PS. For those of you who wondered what I thought about the unmentionable show before you decided to go and see it, I promise to honour your readership better and more from now on.

Where the Audience is King

I took the jibe about TheatreSports personally (comment 14). Usually I’m not that sensitive so I tried to work out why I was this time, and I think I’ve come up with an answer. TheatreSports is loved; not only by those of us who perform it, but also by our audiences, who have proved their love by coming over and over again in the last 18 years. Of course there have been times when there’s been a bit of a dip in attendance, but I think that a theatrical product running mostly twice a week in Cape Town, for 18 years is testimony to the fact that audiences love it.

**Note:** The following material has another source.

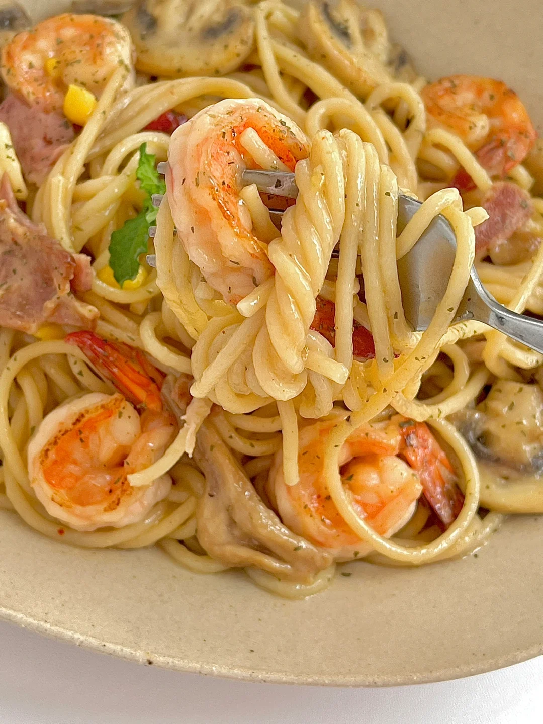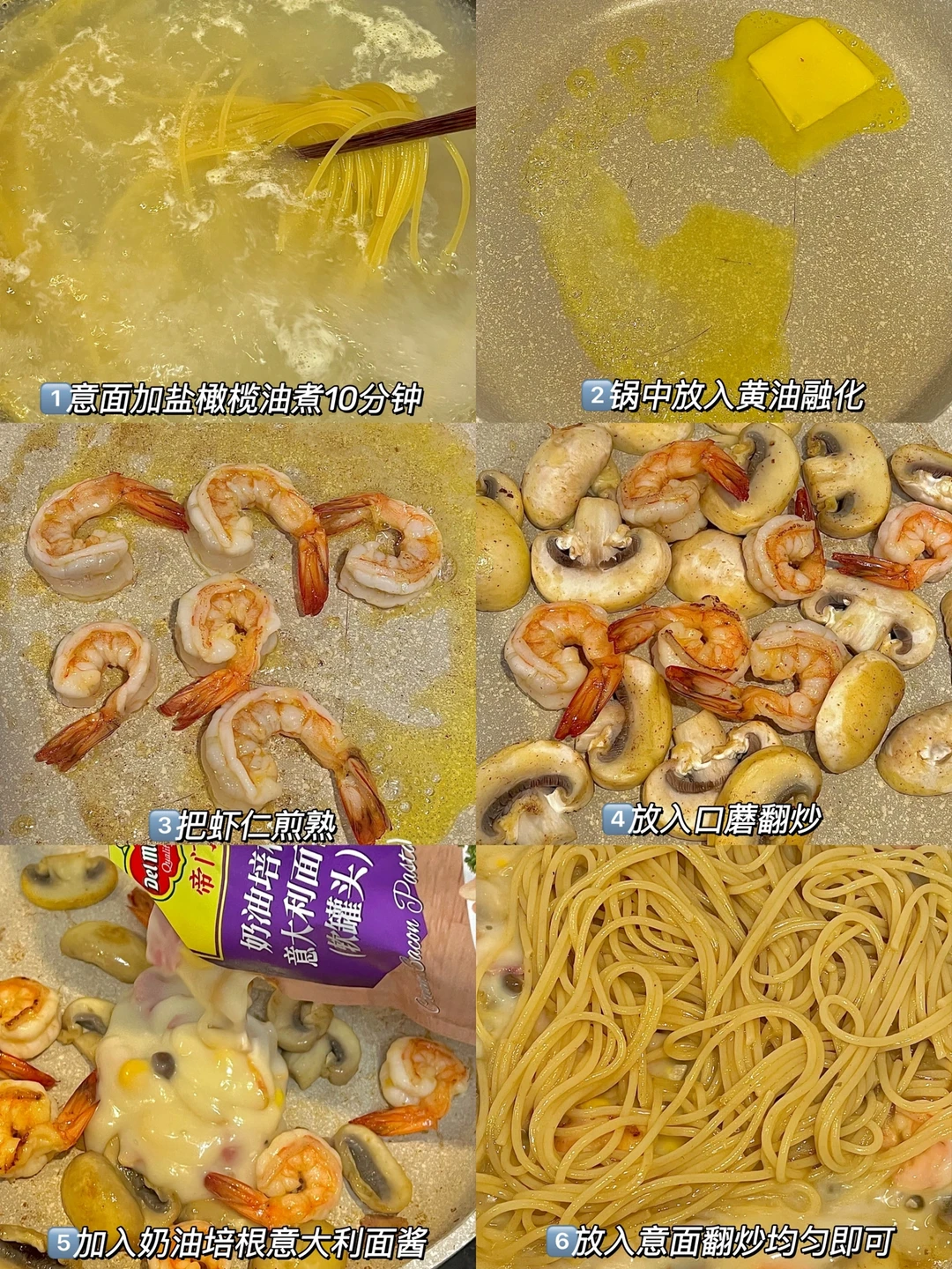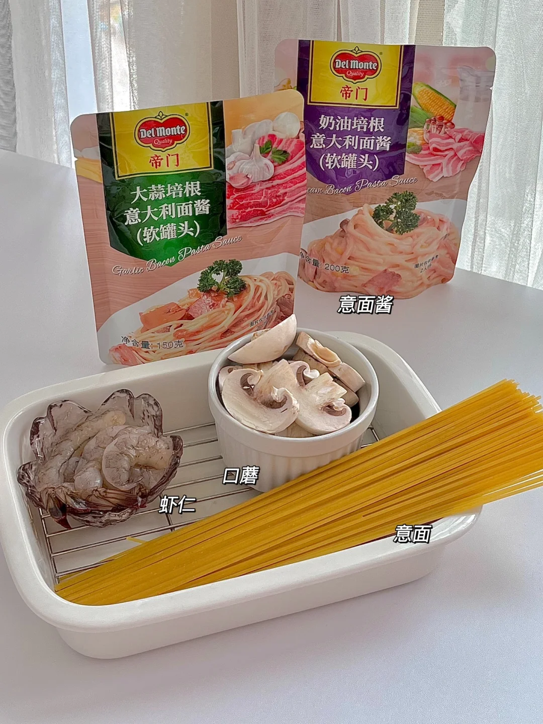 食材:意面 奶油培根意大利面酱 虾仁 口蘑

I got to thinking about how hard it is to get bums on seats in our theatres in Cape Town (and even in SA in general). Aside from the totally tried and tested big musicals (and not even those every time), shows really battle to do even short three week runs. My guess it is because most people don’t like theatre much; not enough to make it a regular thing anyway. And so I got to thinking why, and I have come up with a few reasons for that too. The first and most obvious reason is that theatre has a bit of a bad rep. I think most ordinary people think “it’s not for them”. I think most ordinary people think that theatre is intellectual, arty, fringe and high-brow, with only the big, well known mainstream musicals (in which at least some of the songs are known) being safe live fodder. I think most ordinary people think that theatre is expensive, especially when they could be making a horrible mistake and ending up being bored to tears, confused or intimidated. I think theatre can be quite scary for those who do not have theatre vocabulary or experience. I also think that most ordinary people have absolutely no, or very little trust in what reviewers, critics, theatre makers, and the publicity and marketing machines say about the shows.

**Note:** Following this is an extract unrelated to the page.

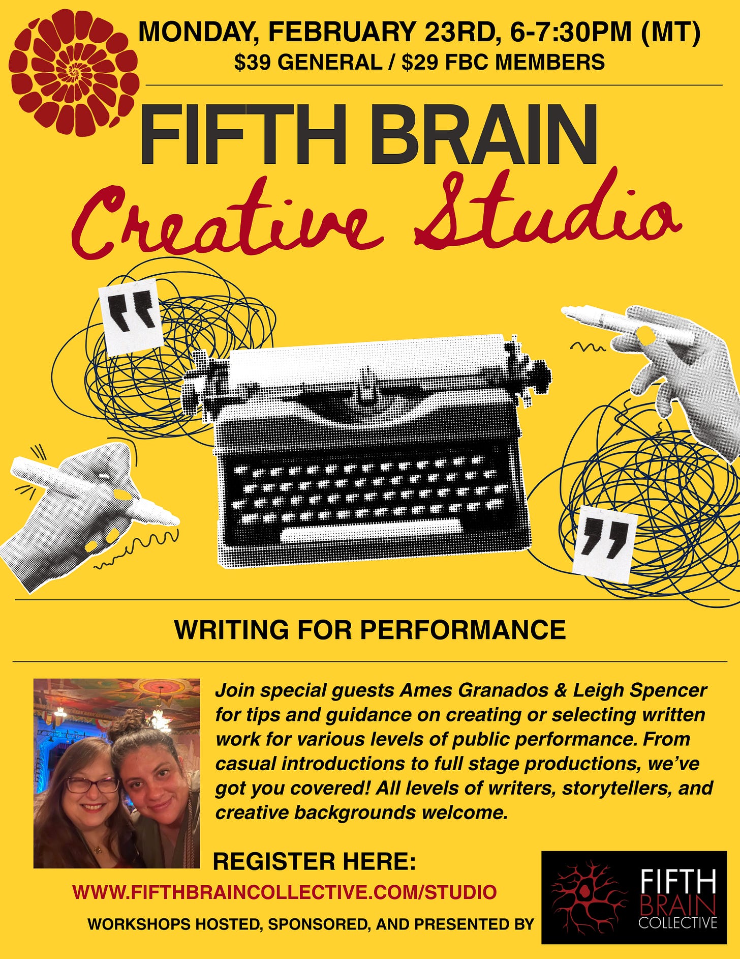 Fifth Brain Collective (FBC) is thrilled to launch a new program - Fifth Brain Creative Studio, which will feature special guest speakers presenting workshops across a wide range of writing genres and topics. The first workshop in this series, Writing for Performance, will be co-hosted by ames granados and Leigh Spencer. Read on to learn more about your hosts and the journey they can’t wait to share with you.
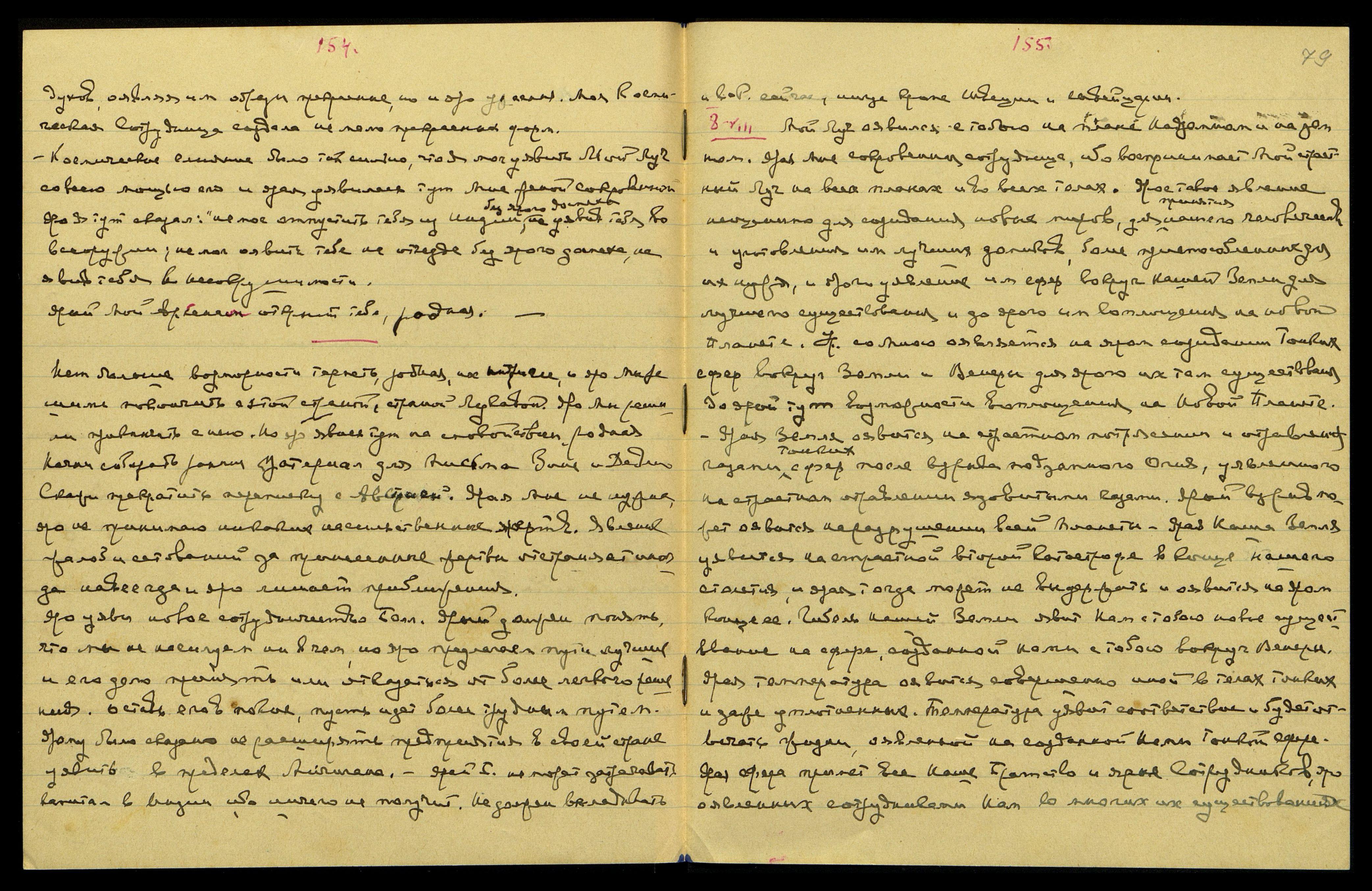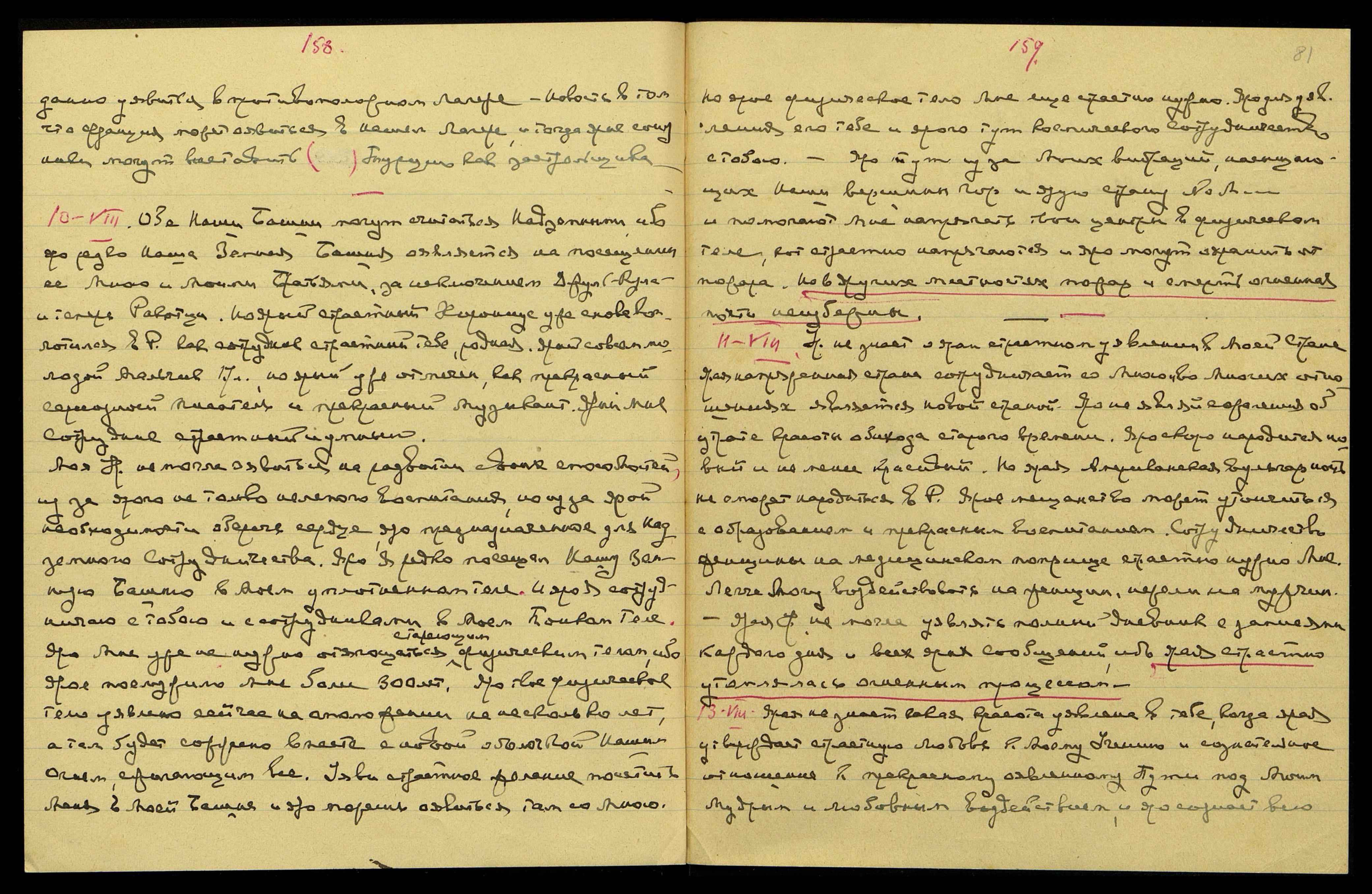15-VIII. Явись на переписке тетради 10-й со всеми страницами, смущающими тебя. Впиши в тетрадь 11-ю недостающие страницы, он[и] крайне важные для уявления страниц о Мироздании, впиши все вместе.

And so to meganshead. It seems like I have developed a bit of a reputation for being a harsh judge of the stuff I see (even though, on average, I like and am complimentary about 70% of it) and I have had the sense lately that people think if I don’t like something it is because I have a problem. But why would I? I take my self appointed, opinionated and personal blog reviewing very, very seriously. I want my readers (however tiny my readership) to know what I thought, and for them to trust that it is an honest response. That way we can build an audience who trust a certain opinion and can feel safe about going to the theatre again and again, and even joyfully contesting what I say when they disagree.

I am a firm believer in “the audience is always right”. Nothing makes me happier than when a little sleeper of a production does better and better, selling out by the end of the run because friends have told friends to go and check it out. So thank you TheatreSports (and industrial theatre which is made for a target audience) for reminding me that the Audience is King.